Going Digital: Upgrading A Boat’s Analog Gauge

The odds are that many of you do not own a boat that you get to tinker around with. [Mavromatic] recently acquired one that had — much to his consternation — analog gauges. So in order to get his ship ship-shape, he built himself a custom digital gauge to monitor his vessel’s data.

Restricted to the two-inch hole in his boat’s helm, trawling the web for displays turned up a 1.38-inch LCD display from 4D Systems. Given the confined space, a Teensy 3.2 proved to be trim enough to fit inside the confined space alongside a custom circuit board — the latter of which includes some backup circuits if [mavromatic] ever wanted to revert to an analog gauge.

Two days of acclimatization to the display’s IDE and he had enough code to produce a functional display right when the parts arrived.

The screen is housed in a blank gauge that required careful breaking into, and — in a stroke of genius — the chrome rim proved to be fortuitous capacitance sensor that swaps between the various information screens at a tap of the bezel.

[mavromatic] had originally wanted to install a fish-finder and chartplotter that could also display the engine data he wanted, but that proved to be complicated to the point of a fruitless hassle. Naturally, his maker proclivities made designing a custom gauge to display what he wanted from the vessel’s NEMA 2000 grid the more inspiring project.

Do you too share that love for sailing forbidden seas but can’t drop the dough on a new boat? You can start  by building a personal watercraft — sometimes for naught but a pittance.

16 thoughts on “Going Digital: Upgrading A Boat’s Analog Gauge

      1. A ‘car infotainment system’ is a valid example of keeping thing simple?
        This is an example of what’s wrong with lots of hackers’ “hacker mentality”.

        ‭”Simplicity is a great virtue but it requires hard work to achieve it and education to appreciate it. And to make matters worse: complexity sells better” – Edsger W. Dijkstra

        “Simplicity is the ultimate sophistication‭” ‬-‭ ‬Leonardo da Vinci

        1. I think you read that wrong… Nicholas was asking why the car systems are standard if the reason not to have commercial versions of this fancy electronic display is keeping things simple.

  1. Very nice! Now you can install different skins like on a smartwatch :P

    @James Hobson – “to display what he wanted from the vessel’s NEMA 2000 grid the more inspiring project.”
    It’s NMEA, the National Marine Electronics Association, not NEMA, the National Electrical Manufacturers Association.

  2. It would be interesting to hear how well this holds up to real world conditions. I know when we go out to deep water +50mi on even a semi-rough day the beating can be quite “uncomfortable”

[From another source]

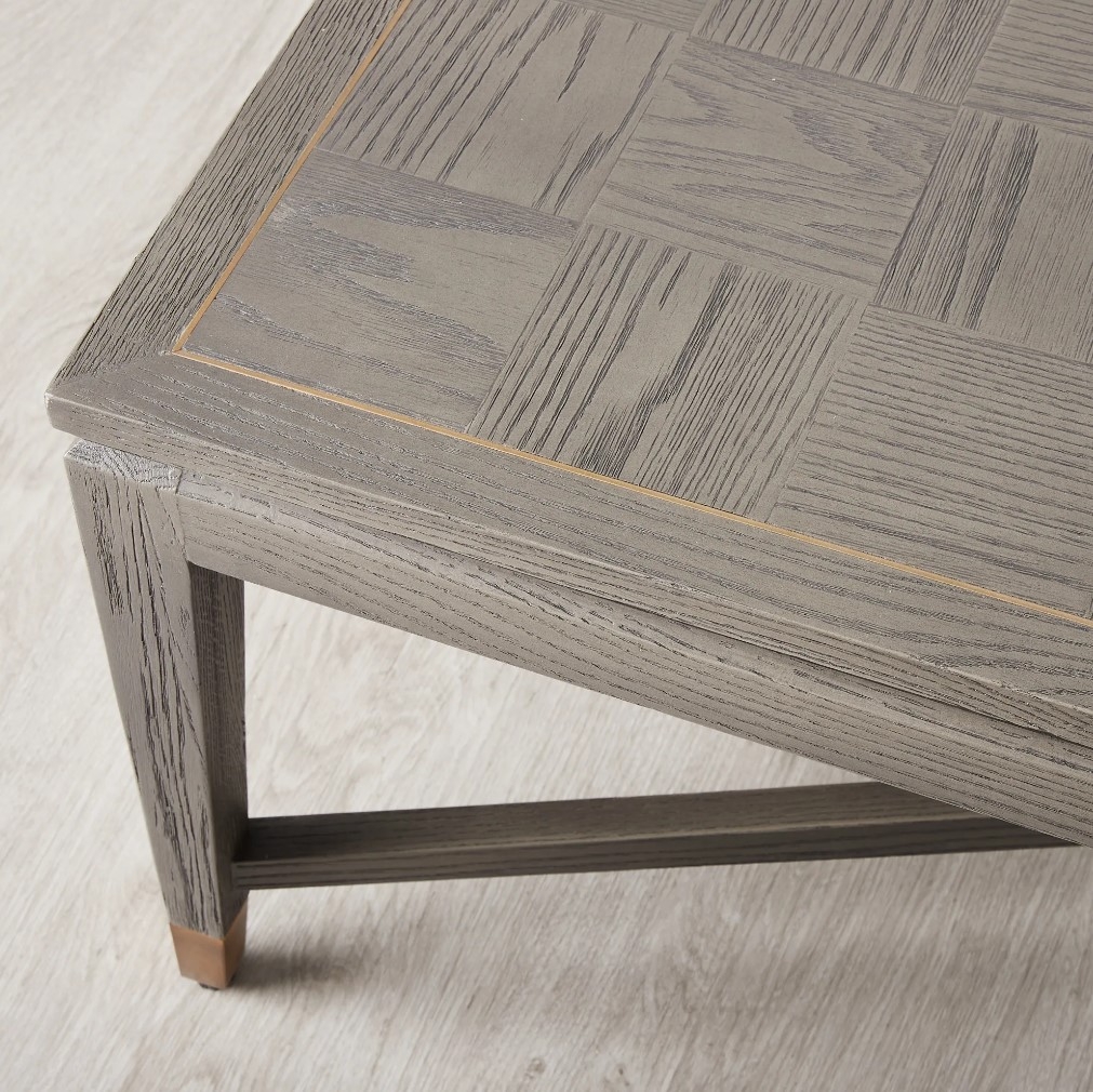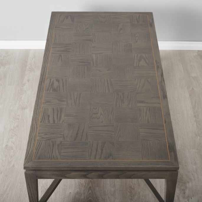 The Tanya Taupe Wooden Coffee Table combines modern rustic style with classic design, featuring a high-quality oak and veneer frame. Its checkered veneer tabletop and golden-coloured border add unique detail and elegance to any living room.

  3. An LCD attempt to replace a physical dial is a bad idea IMO. The LCD will not hold-up over time, especially in an constant outdoor-exposure environment, like a small boat. I think a better approach might be re-purposing existing (and inexpensive) small dashboard stepper-motor indicators. The steppers are small enough to adapt to the original indicator, and you can make a new calibrated dial-card using a home printer (be careful with ink and paper/film selection, again for longevity in direct sunlight).

    1. Or he could have just used his microprocessor to generate the analog signal the stock gauge was looking for, and continued to use that gauge. The whole point is he wanted a digital gauge, usability or reliability be damned.

      PS – it is a OLED panel not LCD. Even harder to read in direct sunlight

    2. Hi! Yes, all great points and I’ve considered them all — heat, sunlight, weather, etc. all are potential known issues given the environment and typically why bother with “electronics” — but where’s the fun being practical. Although, the PCB I designed can also be used with the original analog trim gauge to translate the digital NMEA Engine Trim data to the Analog Gauge… that is my fall back — time will tell.

      Also, the boat is a cabin cruiser so the helm is somewhat protected from the elements and I use the boat is used on a lake with an occasional outing in the Puget Sound.

      Today, I plugged everything in and tested — so far so good — just need to make a few adjustments. One of my temp sensors while NMEA2K use a proprietary Lowrance PGN so the library I’m using isn’t getting that data… working on getting that data read by the Teensy.

      I hope to have everything installed by weeks end and then I’ll take more photos and videos to share.